Vision in wearable devices: Expanded application and function choices

Brian Dipert, Embedded Vision Alliance; Ron Shalom, CEVA; Tom Wilson, CogniVue; and Tim Droz, SoftKinetic North America

September 08, 2014

Brian Dipert, Embedded Vision Alliance; Ron Shalom, CEVA; Tom Wilson, CogniVue; and Tim Droz, SoftKinetic North AmericaSeptember 08, 2014

Function implementations
Let's look first at the ability of various vision-processing functions to detect and recognize objects in the field of view of the wearable device. In addition to the already-mentioned applications of the technology, this function may also be used to automatically tag images in real time while doing video recording in a POV or life camera. Such a feature can be useful in generating metadata associated with detected and recognized objects to make the resulting video much more search-friendly. Object recognition can also be combined with gaze tracking in a smart glasses implementation so that only those objects specifically being looked at are detected and classified.

Object detection and recognition will also be a key component of augmented reality (AR) across a number of applications for wearables, ranging from gaming to social media, advertising, and navigation. Natural feature recognition for AR applications uses a feature matching approach, recognizing objects by matching features in a query image to a source image. The result is a flexible ability to train applications on images and use natural feature recognition for AR, employing wirelessly delivered, augmented information coming from social media, encyclopedias, or other online sources, and displayed using graphic overlays.

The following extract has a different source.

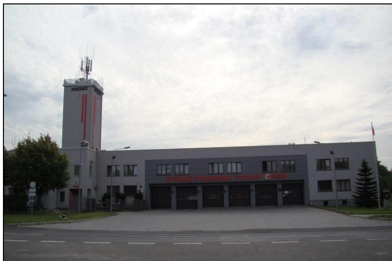
Fot. 1 Budynek straży pożarnej przy Alei Niepodległości

Natural feature detection and tracking avoids the need to use more restrictive marker-based approaches, wherein pre-defined fiducial markers are required to trigger the AR experience, although it's more challenging than marker-based AR from a processing standpoint. Trendsetting feature-tracking applications can be built today using toolsets such as Catchoom's CraftAR, and as the approach becomes more pervasive, it will allow for real-time recognition of objects in users' surroundings, with an associated AR experience.

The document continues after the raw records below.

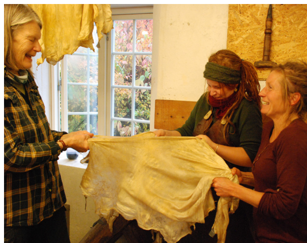
Garvermestere fra Sverige, Finland og Norge strekker et garvet skinn. Prosjekt om garving med fett lagt til ULU i Vågå, Innlandet, i september. ULU hadde i 2021 to lærlinger i garverfaget.
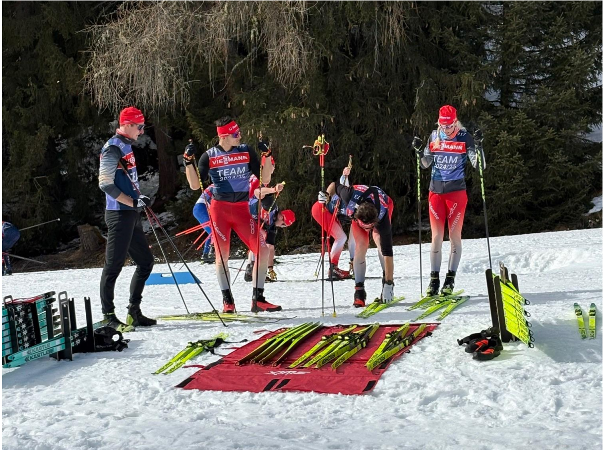
Schweizer Mixed-Staffel bereitet sich vor
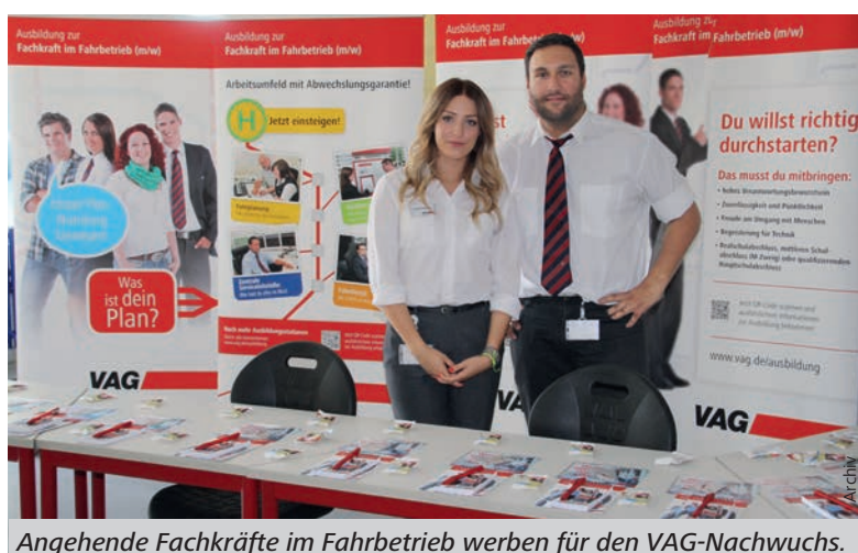
Angehende Fachkräfte im Fahrbetrieb werben für den VAG-Nachwuchs.

@ Mehr unter n-ergie.de/karriere sowie vag.de/ausbildung ■

Adding depth sensing to the AR experience brings surfaces and rooms to life in retail and other markets. The IKEA Catalog AR application, for example, gives you the ability to place virtual furniture in your own home using a mobile electronics device containing a conventional camera. You start by scanning a piece of furniture in an IKEA catalog page, and then “use the catalog itself to judge the approximate scale of the furnishings – measuring the size of the catalog itself (laid on the floor) in the camera and creating an augmented reality image of the furnishings so it appears correctly in the room.”

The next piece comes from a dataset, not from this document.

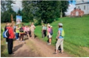
Die Schülerinnen und Schüler auf der Pilgerfahrt
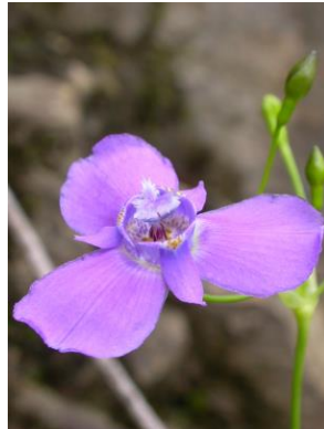
8 Ennealophus fimbriatus

With the addition of a depth sensor in a tablet or cellphone, such as one of Google's prototype Project Tango devices, the need for the physical catalog as a measuring device is eliminated as the physical dimensions of the room are measured directly, and the furnishings in the catalog can be accurately placed to scale in the scene.

Not just hand waving
Wearable devices can include various types of human/machine interfaces (HMIs). These interfaces can be classified into two main categories – behavior analysis and intention analysis. Behavior analysis uses the vision-enabled wearable device for functions such as sign language translation and lip reading, along with behavior interpretation for various security and surveillance applications. Intention analysis for device control includes such vision-based functions as gesture recognition, gaze tracking, and emotion detection, along with voice commands. By means of intention analysis, a user can control the wearable device and transfer relevant information to it for various activities such as games and AR applications.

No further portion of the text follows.